> _Dataset extract_
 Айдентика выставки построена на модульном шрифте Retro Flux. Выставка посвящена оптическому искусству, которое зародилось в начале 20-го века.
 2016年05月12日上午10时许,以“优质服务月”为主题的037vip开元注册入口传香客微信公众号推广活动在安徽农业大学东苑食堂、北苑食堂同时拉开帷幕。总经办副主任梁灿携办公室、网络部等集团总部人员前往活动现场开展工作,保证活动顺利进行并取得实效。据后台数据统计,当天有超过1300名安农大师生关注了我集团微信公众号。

==

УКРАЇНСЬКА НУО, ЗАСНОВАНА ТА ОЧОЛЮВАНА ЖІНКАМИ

> _Instructions to follow_
Restate word for word the entries above from the line with "Айдентика выставки построена" through the line with "2016年05月12日上午1", inclusive, leaving out everything else.

> _Solution below_
 Айдентика выставки построена на модульном шрифте Retro Flux. Выставка посвящена оптическому искусству, которое зародилось в начале 20-го века.
 2016年05月12日上午10时许,以“优质服务月”为主题的037vip开元注册入口传香客微信公众号推广活动在安徽农业大学东苑食堂、北苑食堂同时拉开帷幕。总经办副主任梁灿携办公室、网络部等集团总部人员前往活动现场开展工作,保证活动顺利进行并取得实效。据后台数据统计,当天有超过1300名安农大师生关注了我集团微信公众号。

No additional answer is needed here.